• _Stored data_
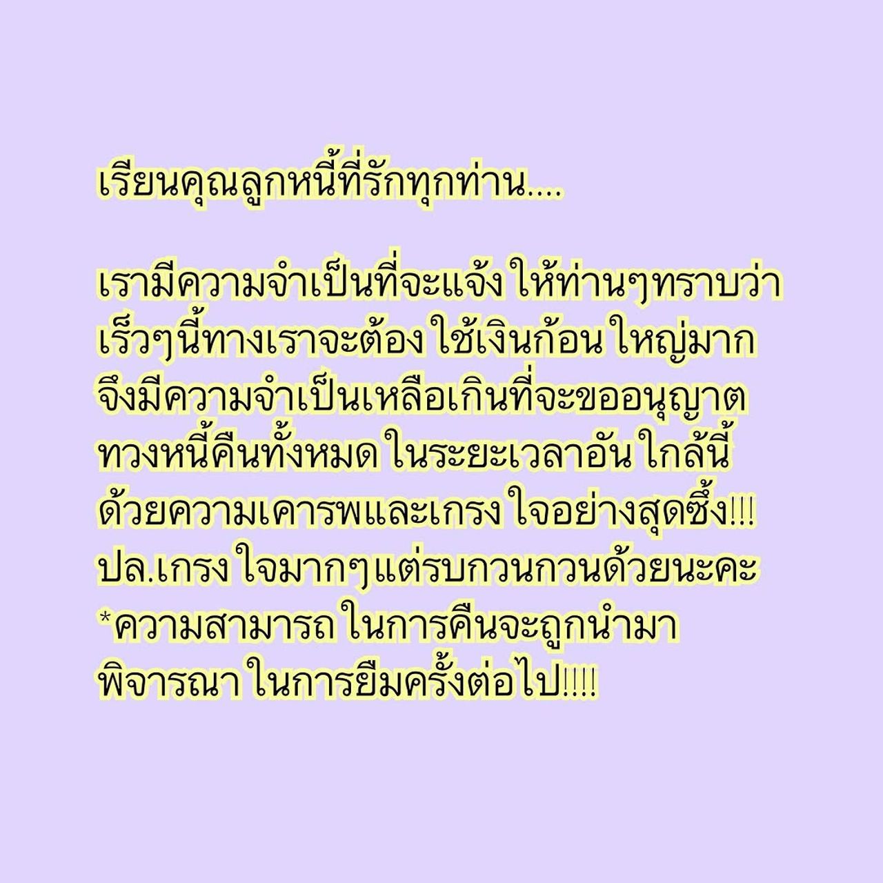 “เรียนลูกหนี้ที่รักทุกท่าน… เรามีความจำเป็นที่จะแจ้งให้ท่านๆ ทราบว่า เร็วๆ นี้ทางเราจะต้องใช้เงินก้อนใหญ่มาก จึงมีความจำเป็นเหลือเกินที่จะขออนุญาตทวงหนี้คืนทั้งหมดในระยะเวลาอันใกล้นี้ ด้วยความเคารพและเกรงใจอย่างสุดซึ้ง!!! ปล.เกรงใจมากๆ แต่รบกวนด้วยนะคะ *ความสามารถในการคืนจะถูกนำมาพิจารณาในการยืมครั้งต่อไป!!!!”
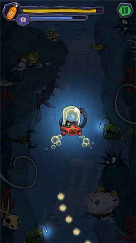 玩家用手指滑动屏幕,来控制潜艇的方向,在深海中进行探险,在探险的过程中会遇到各种敌人、陷阱,避开它们同时解救更多的精灵,获得更多的钻石,开启更多的水域。
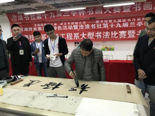 享閱讀書香之美,承百年船政之志。2019年3月30日早九點,在圖書館一樓自習室舉辦航海技術(shù)系系部特色活動暨滄浪書社第十九屆蘭亭杯書法大賽。出席本次活動有航海系團總支書記林杰老師、輪機系主任陳清彬老師及書法指導老師林祥庚老師。
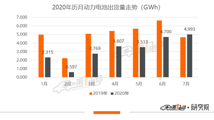 根據(jù)工信部合格證產(chǎn)量數(shù)據(jù),2020年7月共產(chǎn)出新能源汽車(chē)9.58萬(wàn)輛,環(huán)比增長(zhǎng)4.9%。根據(jù)第一電動(dòng)研究院的統(tǒng)計(jì)測(cè)算,動(dòng)力電池7月裝機(jī)量約為5GWh,同比增長(zhǎng)6.42%,實(shí)現(xiàn)了今年的首次正增長(zhǎng),環(huán)比也同樣上漲了6.3%。
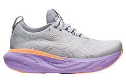 The Asics Gel-Nimbus 25 Wide WMNS in Piedmont Grey and Pure Silver is an exceptional running shoe designed to cater to the needs of female athletes who require a bit more room without sacrificing performance. Known for its impressive cushioning and support, this iteration of the Gel-Nimbus series features advanced technology like the FlyteFoam Propel midsole, which delivers a super soft yet responsive ride. The shoe's GEL technology in the rearfoot and forefoot ensures excellent shock absorption, reducing the impact on joints and muscles during each stride. Additionally, the engineered knit upper offers a snug, adaptive fit that moves seamlessly with the foot, providing both breathability and a sleek, modern aesthetic.
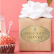 An old-fashioned "revival" font with an embossed appearance gives your apiary name an elegant look on this oval metallic gold honey label. The heraldic bee in the center of the label is from a 13th century baron's coat of arms. Bees were the most prevalent insects portrayed in heraldry and are symbols of industry and hard work. A metallic gold border is dotted with a cut honeycomb pattern.
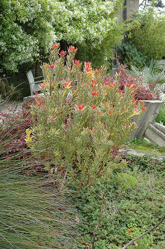 Safari Sunset Conebush is a multi-stemmed evergreen shrub with an upright spreading habit of growth. Its relatively fine texture sets it apart from other landscape plants with less refined foliage.
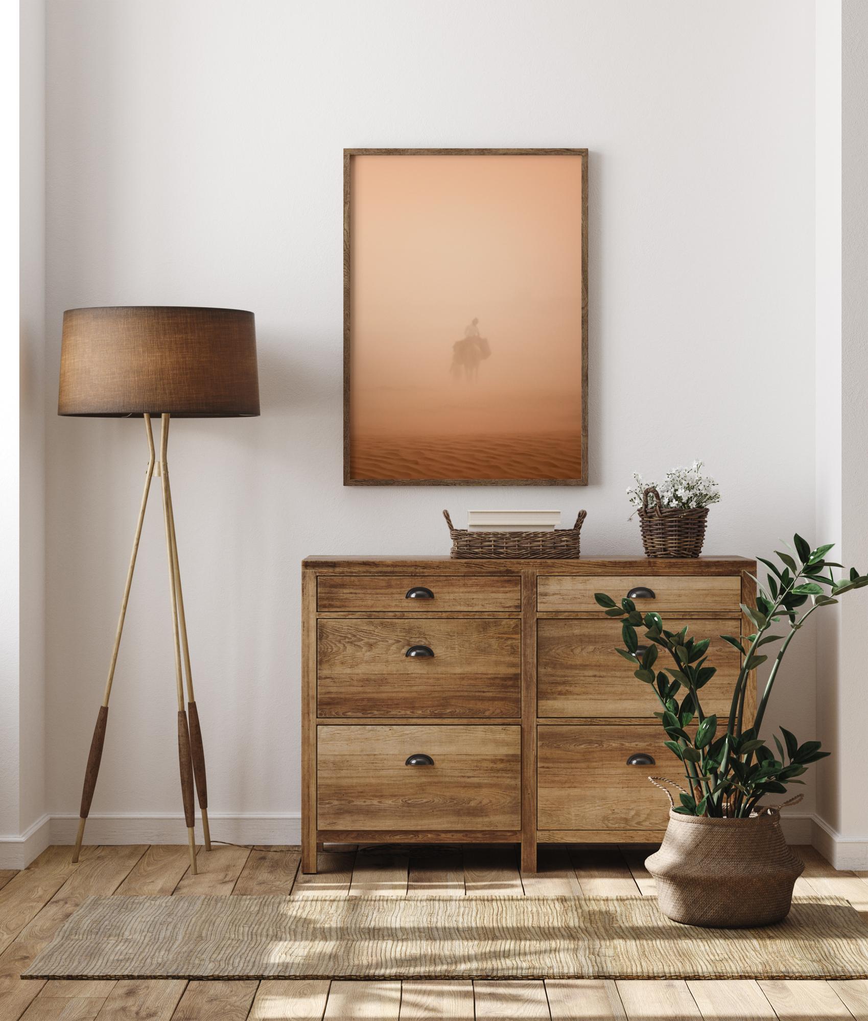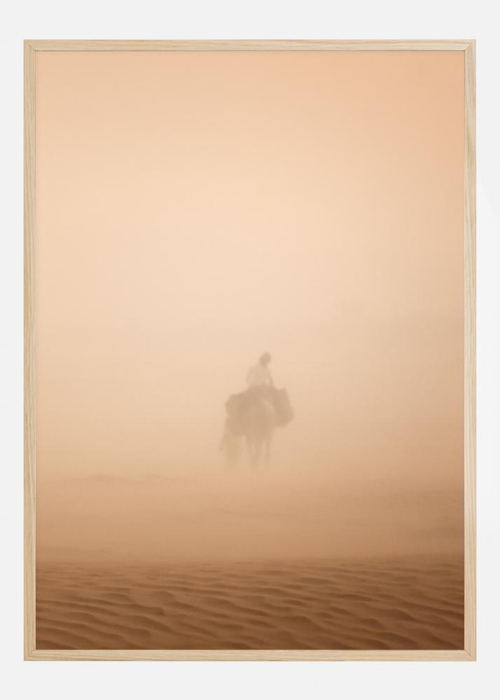 Ein warmes Poster eines Sandsturms. Im Vordergrund ist der Wüstensand zu sehen, bevor er in einem wirbelnden Nebel aus sanften Farben verblasst. In der Mitte ist die schwache Form einer reitenden Figur zu sehen, die sich durch den Sturm kämpft. Spüren Sie die Hitze der Wüste.

• _Exercise details_
For every record above, repeat the text exactly and omit any picture.

• _Result_
 “เรียนลูกหนี้ที่รักทุกท่าน… เรามีความจำเป็นที่จะแจ้งให้ท่านๆ ทราบว่า เร็วๆ นี้ทางเราจะต้องใช้เงินก้อนใหญ่มาก จึงมีความจำเป็นเหลือเกินที่จะขออนุญาตทวงหนี้คืนทั้งหมดในระยะเวลาอันใกล้นี้ ด้วยความเคารพและเกรงใจอย่างสุดซึ้ง!!! ปล.เกรงใจมากๆ แต่รบกวนด้วยนะคะ *ความสามารถในการคืนจะถูกนำมาพิจารณาในการยืมครั้งต่อไป!!!!”
 玩家用手指滑动屏幕,来控制潜艇的方向,在深海中进行探险,在探险的过程中会遇到各种敌人、陷阱,避开它们同时解救更多的精灵,获得更多的钻石,开启更多的水域。
 享閱讀書香之美,承百年船政之志。2019年3月30日早九點,在圖書館一樓自習室舉辦航海技術(shù)系系部特色活動暨滄浪書社第十九屆蘭亭杯書法大賽。出席本次活動有航海系團總支書記林杰老師、輪機系主任陳清彬老師及書法指導老師林祥庚老師。
 根據(jù)工信部合格證產(chǎn)量數(shù)據(jù),2020年7月共產(chǎn)出新能源汽車(chē)9.58萬(wàn)輛,環(huán)比增長(zhǎng)4.9%。根據(jù)第一電動(dòng)研究院的統(tǒng)計(jì)測(cè)算,動(dòng)力電池7月裝機(jī)量約為5GWh,同比增長(zhǎng)6.42%,實(shí)現(xiàn)了今年的首次正增長(zhǎng),環(huán)比也同樣上漲了6.3%。
 The Asics Gel-Nimbus 25 Wide WMNS in Piedmont Grey and Pure Silver is an exceptional running shoe designed to cater to the needs of female athletes who require a bit more room without sacrificing performance. Known for its impressive cushioning and support, this iteration of the Gel-Nimbus series features advanced technology like the FlyteFoam Propel midsole, which delivers a super soft yet responsive ride. The shoe's GEL technology in the rearfoot and forefoot ensures excellent shock absorption, reducing the impact on joints and muscles during each stride. Additionally, the engineered knit upper offers a snug, adaptive fit that moves seamlessly with the foot, providing both breathability and a sleek, modern aesthetic.
 An old-fashioned "revival" font with an embossed appearance gives your apiary name an elegant look on this oval metallic gold honey label. The heraldic bee in the center of the label is from a 13th century baron's coat of arms. Bees were the most prevalent insects portrayed in heraldry and are symbols of industry and hard work. A metallic gold border is dotted with a cut honeycomb pattern.
 Safari Sunset Conebush is a multi-stemmed evergreen shrub with an upright spreading habit of growth. Its relatively fine texture sets it apart from other landscape plants with less refined foliage.
 Ein warmes Poster eines Sandsturms. Im Vordergrund ist der Wüstensand zu sehen, bevor er in einem wirbelnden Nebel aus sanften Farben verblasst. In der Mitte ist die schwache Form einer reitenden Figur zu sehen, die sich durch den Sturm kämpft. Spüren Sie die Hitze der Wüste.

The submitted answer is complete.